Pistolero as hot potato. Spanish Federation lobs human spud.
Behold, Alberto Contador, two and one half time winner of the Tour de France and human spud.
Who, who, who wants to make the big call on the Spaniard’s guilt or innocence and incur the withering glare, recriminations, laughter, outrage and any other number of possible reactions?
The latest chapter in meat-gate hit several comedy notes as the Spanish Federation, nominally in charge of issuing a verdict on the biggest star in cycling, begged for help from the UCI and WADA.
“The UCI and WADA took weeks to make the decision that we would be the ones to rule on the Contador case, so we thought they should help us make the ruling,” an anonymous source “close to the federation” told the Spanish newspaper El Pais. Hot, hot, hot potato. Throw it back to that blowhard McQuaid.
But the president of the UCI doesn’t want that scalding hot spud in his hands, either. “The system is that the Spanish federation must come to a solution. Some say the UCI should cover this instead of the national federations but who’s going to pay for it? We already spend too much… or better, we spend a huge amount of money on the anti-doping department. Most national federations judge on these matters seriously and as a result the UCI doesn’t have to appeal in many cases,” said our man McQuaid.
There you go. It’s your potato, Spain. McQuaid is thinking, “hey, you screwed me for years on that jerk Valverde’s case, now I’m going to screw you. Have fun with your favorite son and his steak fabrication.” He already called the Spanish lax and lazy — now he’s tacking on scared and cheap.
Over in Spain, they just don’t have the will or the courage to pull the trigger on El Pistolero all alone. Witness the follow-up quote from Madrid: “If, after studying the documents submitted by Contador’s defense, the UCI and WADA decide that he must be punished, then he will be punished. If they decide otherwise, then not,” the source continued. In other words, please UCI, you do the dirty work. We’ll send you tapas and sangria but don’t put us in the critical spotlight by ourselves.
The truth is, nobody wants to be the one responsible for suspending or absolving Alberto Contador. Not McQuaid, not the Spanish Federation, not the Court for Arbitration in Sport. It’s an ugly situation, pressures are enormous, ramifications are massive and the aftermath long, stupid and frustrating for everyone involved. It’s the definition of lose-lose. And guess what, they still have doper Ezequiel Mosquera on deck — shit mist everywhere.
The attempt by the Spanish Federation to spread responsibility for the decision was an obvious cry for help. And as previously noted, the UCI is not happy with those boys and is in no mood to throw life jackets. Doped chickens come home to roost.

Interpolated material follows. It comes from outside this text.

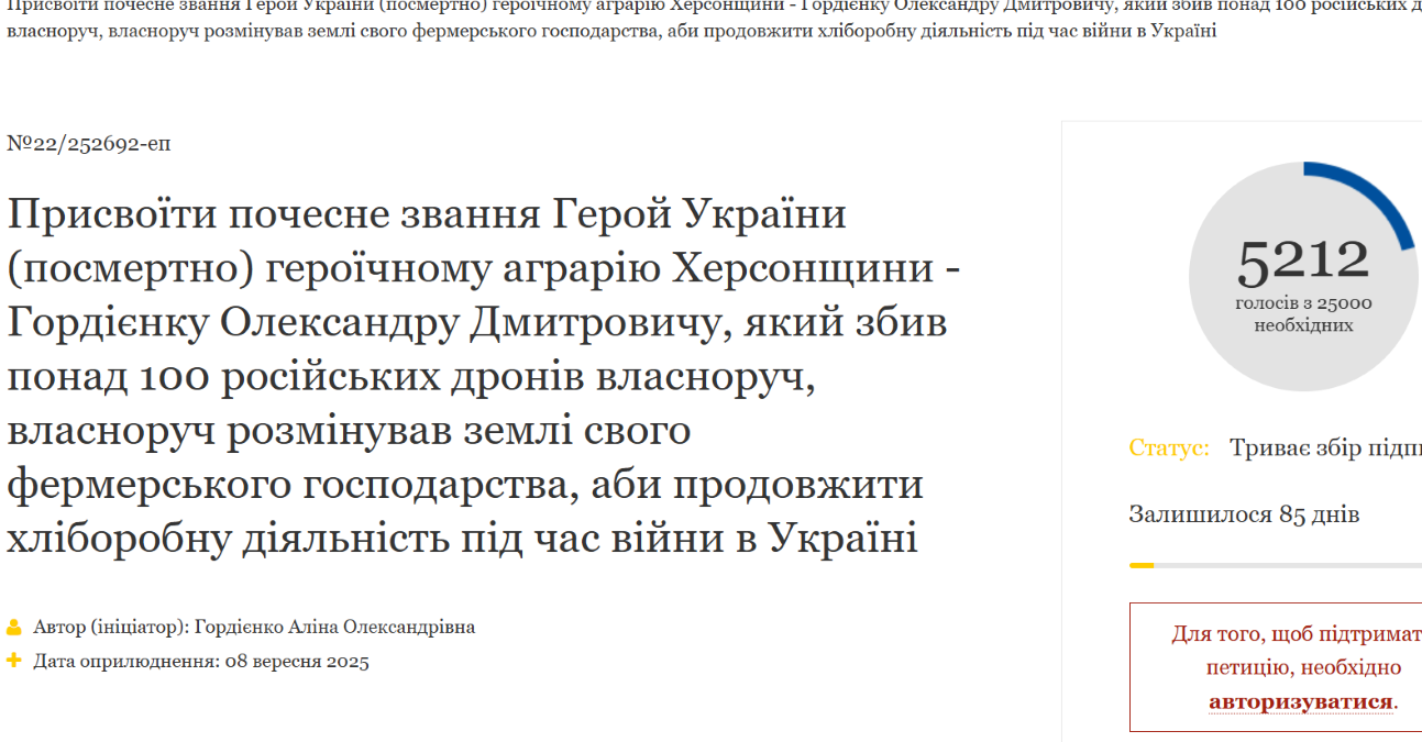 В петиции отмечается, что Александр Дмитриевич занимался аграрным делом с 1992 до 2022 года, выращивал хлеб вблизи Берислава и продолжал земледельческую деятельность во время войны, рискуя жизнью ради украинской земли.

Hot potato is described as a classic children’s game that’s perfect for developing hand-eye coordination and motor skills — Wikipedia calls it fast-paced and high-pressure. In Spain’s case, let’s just make that slow-paced and high pressure.
Still we have ourselves some exciting new lingo and marketing possibilities. The Saxo Potato! Sack of Saxo. Contador mashes on the pedals, Alberto peels off his race number, Contador deep fries Schleck. The Mr. Potato Head toy is an obvious and huge opportunity. Enough with the pistols, bring on the earthy brown tubers.
There’s no question that things are coming to a boil in Spain. Who wants the damn potato?